Start of Supplied data

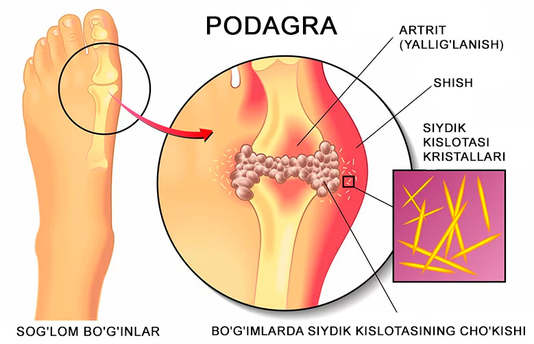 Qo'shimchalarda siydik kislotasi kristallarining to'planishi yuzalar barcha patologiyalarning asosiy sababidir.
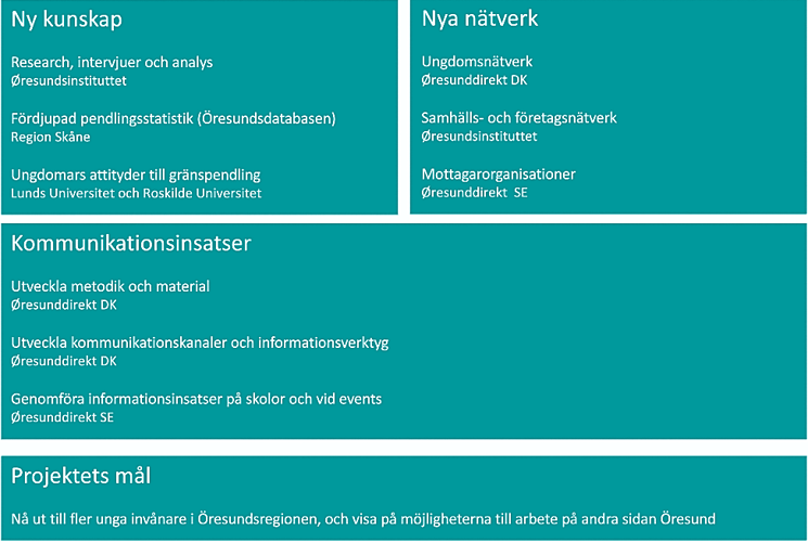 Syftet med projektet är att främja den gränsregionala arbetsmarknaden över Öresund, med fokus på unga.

End of Supplied data
Start of Supplied data

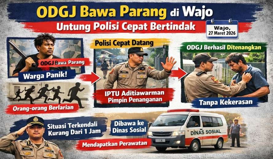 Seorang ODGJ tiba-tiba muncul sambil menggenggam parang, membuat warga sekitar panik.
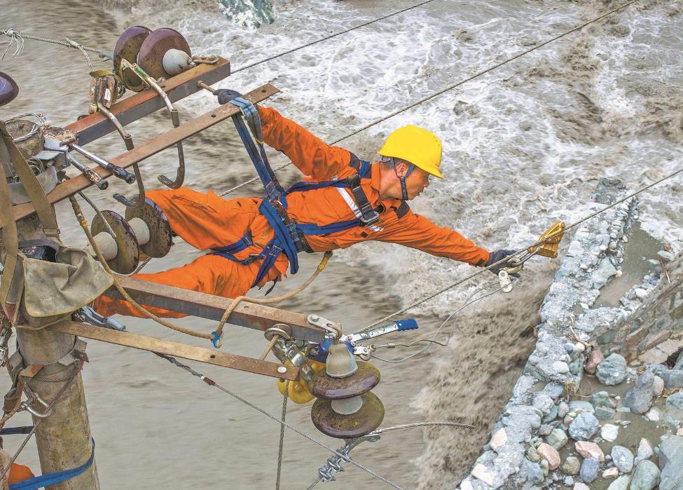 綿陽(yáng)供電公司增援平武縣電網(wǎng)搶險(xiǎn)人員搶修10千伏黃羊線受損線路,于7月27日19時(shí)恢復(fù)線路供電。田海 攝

End of Supplied data
Start of Supplied data

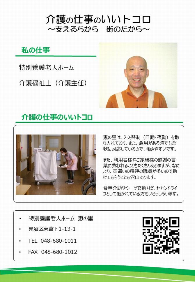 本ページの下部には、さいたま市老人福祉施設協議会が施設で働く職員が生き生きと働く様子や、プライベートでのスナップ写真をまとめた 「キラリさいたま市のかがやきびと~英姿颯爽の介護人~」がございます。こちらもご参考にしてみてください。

End of Supplied data

* **What the task requires**:
Reproduce, word for word, everything in the listing above from the line containing "Qo'shimchalarda siydik kislotasi" down to the line containing "Syftet med projektet", both of them included. No pictures.

* **Problem solution**:
 Qo'shimchalarda siydik kislotasi kristallarining to'planishi yuzalar barcha patologiyalarning asosiy sababidir.
 Syftet med projektet är att främja den gränsregionala arbetsmarknaden över Öresund, med fokus på unga.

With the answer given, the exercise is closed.